Ao contrário, quem está tentando esquecer um incidente penoso que acabou de viver sem querer acelera o passo, como se quisesse rapidamente se afastar daquilo que, no tempo, ainda está muito próximo de si.

Conceber esse encontro como uma forma foi algo muito precioso, visto que essa noite não deveria ter amanhã e só poderia se repetir na lembrança.

21 de dez. de 2014

Lentidão e as chamas do êxtase.

Avançando pelo acostamento devagar, a 27Km/h ouço apenas um assovio e um empurrão de ar, seguido de outros. Certamente estão acima dos 200Km/h, costurando entre os carros.
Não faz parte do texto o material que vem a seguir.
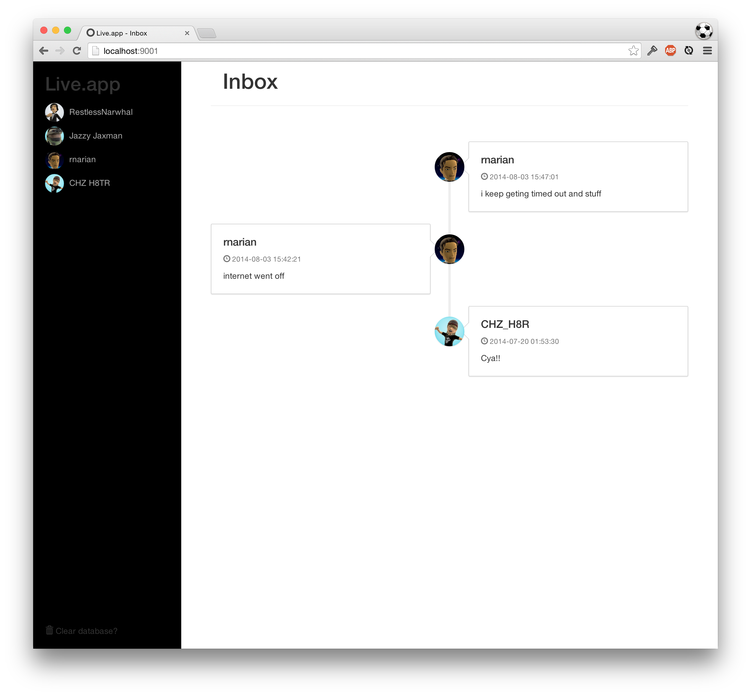 Live.app is a client side JavaScript web app to message your Xbox Live friends. It uses the great RESTful XboxAPI.com to communicate with Xbox Live. PouchDB is used as IndexDB/WebSQL storage to cache and deliver the actual informations more quickly and also to reduce the actual API calls to XboxAPI. You can adjust the caching per endpoint in the settings.json configuration file if needed.
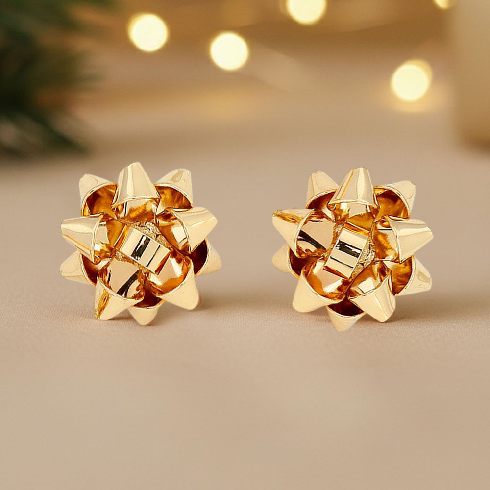 Details • Size : 0.6" X 0.6" • Post Back • Add festive charm to your look with these gift bow stud earrings. Featuring a playful, dimensional bow design, they’re perfect for holiday parties, birthdays, or everyday flair. Lightweight and eye-catching, they make a fun statement with any outfit or occasion. • Lead and Nickel Compliant
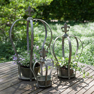 A lovely way to display your plants with these rather 'royal' vintage style plant holders. They would make a lovely gift for someone, with a pretty pot of herbs or bulbs popped in each planter.
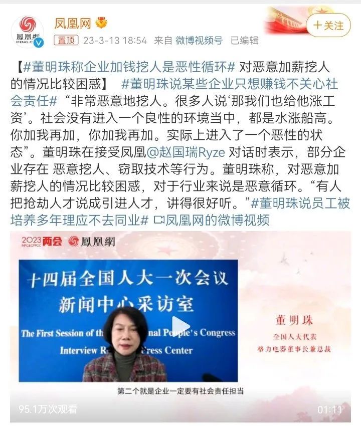 就在今年3月13日董明珠的一段言论成为“热搜”。她在接受媒体采访时指出,对于部分企业存在 “恶意挖人”、窃取技术等行为,“一方面扰乱了企业运行,第二个破坏了创新的环境。有些企业不在这方面进行投入,而用挖人的办法,给环境造成恶性循环。”“有人把抢劫人才说成引进人才,讲得很好听。”
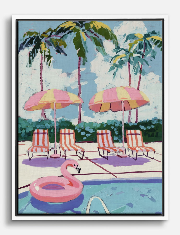 Sunshine, stripes, and a splash of pure fun—this piece brings the vacation vibe right to your walls. Pink umbrellas and playful lounge chairs instantly transport you to a retro-cool poolside, even on the greyest days.
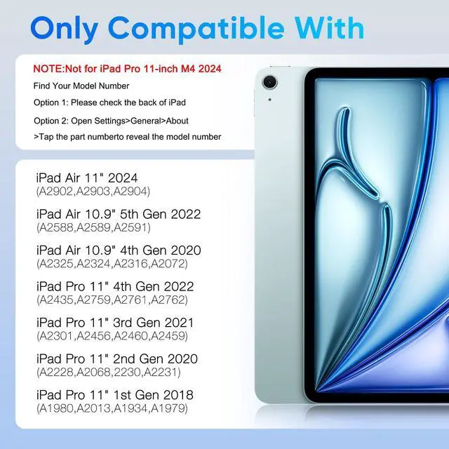 Compatibility - This touchpad keyboard case is perfectly compatible with iPad Air 11-inch (M3 2025 / M2 2024) & iPad Pro 11-inch 4th/3rd/2nd/1st gen(2018-2022),iPad Air 5th/4th gen.Models include Air 11-inch (M3) 2025 (A3266, A3267, A3270),Air 11-inch (M2) 2024 (A2902,A2903,A2904), 2022 Pro 11 4th Gen (A2759,A2435,A2761,A2762),2021 Pro 11 3rd Gen (A2377,A2301,A2459,A2460),2020 Pro 11 2nd Gen (A2228,A2068,A2230,A2231),2018 Pro 11 1st Gen(A1980,A2013,A1934,A1979),2022 10.9-inch Air 5th GenA2588,A2589,A2591),Air 4th Gen (A2072,A2316,A2324,A2325).
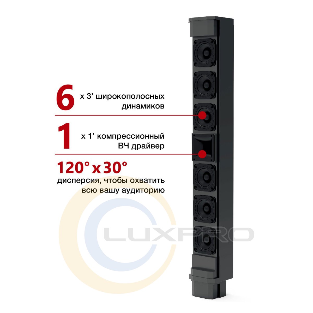 - акустичний комплект: 10 "сабвуфер + лінійний масив: 6 х 3" СЧ + 1 "ВЧ;
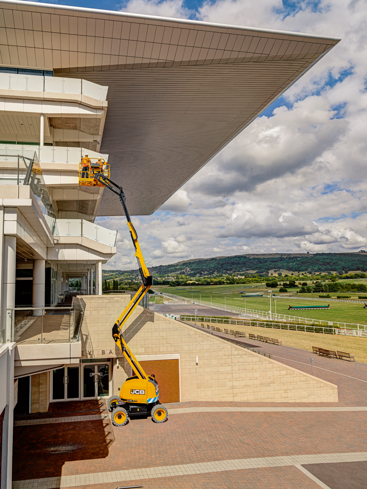Die Gelenk-Teleskop-Arbeitsbühne hat drei Einstiegspunkte für einen einfachen Zugang. Es gibt vier Stellen, an denen das Gurt-Geschirr eingehängt werden kann, sodass der Bediener vollen Zugang zum Korb hat. Die Länge der Plattform beträgt 0,84 m und die Breite 1,84 m. Eine Abschaltvorrichtung, die bei ihrer Aktivierung die Funktionen des Auslegers automatisch unterbricht, schützt den Bediener und verhindert Quetschungen. Die Ausleger sind zudem mit einer Fahrtrichtungsanzeige ausgestattet. Damit soll sichergestellt werden, dass dem Fahrer deutlich ersichtlich ist, ob der Ausleger über die Seite des Fahrgestells geschwenkt ist, bevor er die Maschine mit ausgefahrenem Ausleger bewegt. Ein Neigungssensor verhindert, dass der Ausleger bei mehr als 5° Neigung auf unebenem Boden weiter ausgefahren werden kann.
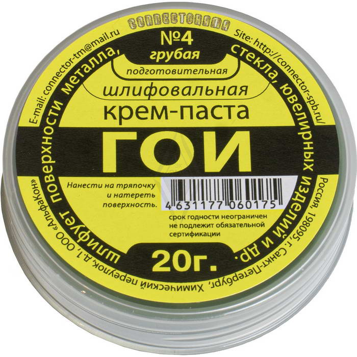 ГОИ №4 - это крем паста с шлифовальным абразивом. С помощью него удаляю царапины. Получается ровная, бархатистая, матовая поверхность. С помощью такой пасты вышлифовываются грубые царапины. Выравниваются небольшие перепады высот. Чистота поверхности идеально подходит для применения следующего номера пасты ГОИ №3

Olho pro meu odômetro e ainda falta um bom trecho pelo rodoanel até chegar em Embu, hora e meia pela frente. Esses rapidinhos de moto, se estiverem indo prá lá, vão chegar em poucos minutos ...

Pensei em como pessoas podem não ter medo da morte se arriscando assim na velocidade e depois serem tão prudentes num assalto, numa briga, numa discussão no trabalho.

Talvez a velocidade máxima faça com que a pessoa só possa se concentrar naquele exato momento, agarrando-se num fragmento do tempo que é arrancado da sua continuidade, do seu passado-futuro. Nesse estado de êxtase, não sabe nada de sua idade, de seus amigos, familiares, preocupações e portanto não tem medo pois o medo tem uma ligação com a preocupação com o futuro e quem se liberta do futuro nada tem a temer.

Ao contrário do motociclista ou do motorista que vai a toda marcha, quem corre a pé ou de bicicleta está sempre presente em seu corpo, forçado a pensar em suas bolhas, cãibras, no seu fôlego. Enquanto vai seguindo sente seu peso, sua idade, consciente mais do que nunca de si mesmo e do tempo de sua vida.
E assim sente-se chegando a novos lugares que se mostram prazeirosamente familiares ao invés dos lugares chegarem rápidos e estranhos, num jet lag.